Tag: songwriting-philosophy

  • Musical Snapshots

    Recently I’ve been developing a concept I’m calling the musical snapshot.

    The idea is this: whatever I play or compose or improvise in a given moment is an expression of what I’m feeling at that time – some instinct, some inspiration, some emotion I may not even be fully aware of. I couldn’t have played or composed that particular idea at any other time, in a different place or state of mind. So any piece of music I write is essentially a snapshot of my creative and emotional state at the moment it was made.

    Of course there are other factors. The environment plays a role – the people around me, the conversations happening nearby, the ambient noise or quiet outside. What I’ve been practicing or listening to at the time makes its way in. So many things influence the expression, both consciously and subconsciously. But the core idea holds: the music captures something true about that moment, whether I understood it at the time or not.

    This means that returning to any musical idea is like time traveling. There’s a time capsule waiting – a connection back to a past version of myself, back to wherever I was, whatever I was feeling. When I listen back to an old voice memo or an old recording, I’m hearing something that past me left behind. And when I write about it now, I’m entering into a kind of conversation between that past self and whoever I am today – with hindsight, perspective, and hopefully a bit more understanding than I had in the moment.

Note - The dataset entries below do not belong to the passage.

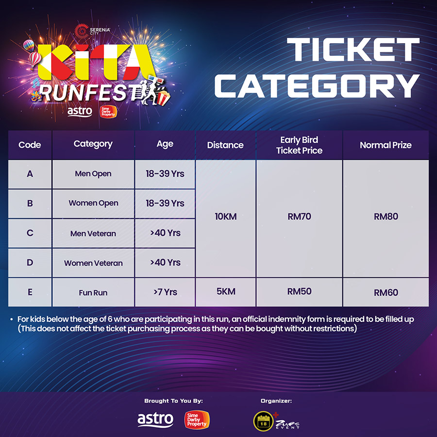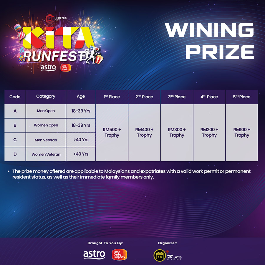 D: 10km Women Veteran (40yrs & above) (10km) Fees is subject to Admin Fee and RM3 Insurance Fee.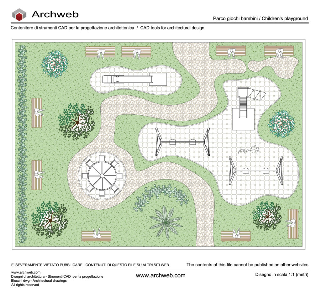 Schema progettuale di un parco pubblico dal design armonioso che combina natura, aree di relax e un’area dedicata ai giochi per i bambini.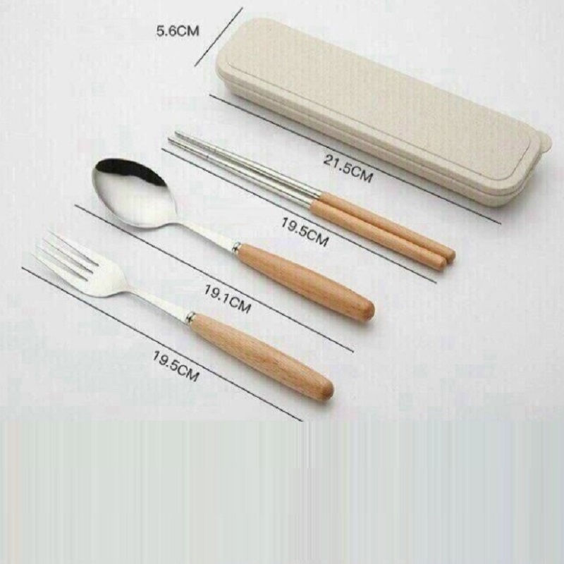 Bộ 3 Dụng Cụ Bàn Ăn Gồm Đũa, Thìa, Dĩa Inox Cán Gỗ Có Hộp Đựng Lúa Mạch* THÔNG TIN SẢN PHẨM:

    I arrived at this idea while thinking about the storytelling potential of a live set. I started arranging my songs not just alphabetically or by project or theme, but by the period of life they describe. I’ve written enough songs now that many different periods of my life can be told in song – different places I’ve lived, relationships I’ve been in, periods of travel, periods of staying still. Looking at them this way I started to see stages my life, with certain chapters more fully written than others. My childhood, for instance, is a notable gap – only recently have a couple of songs started to cover that territory.

    While thinking about performing songs in biographical order, I started to think about the fact I’m most always most excited about my newest song (finished or in progress) – and I landed on this idea that the newest ideas are closest to who I am and where I’m at at any given time. If I wanted to give an audience the most present and authentic version of myself, I should open with my newest song.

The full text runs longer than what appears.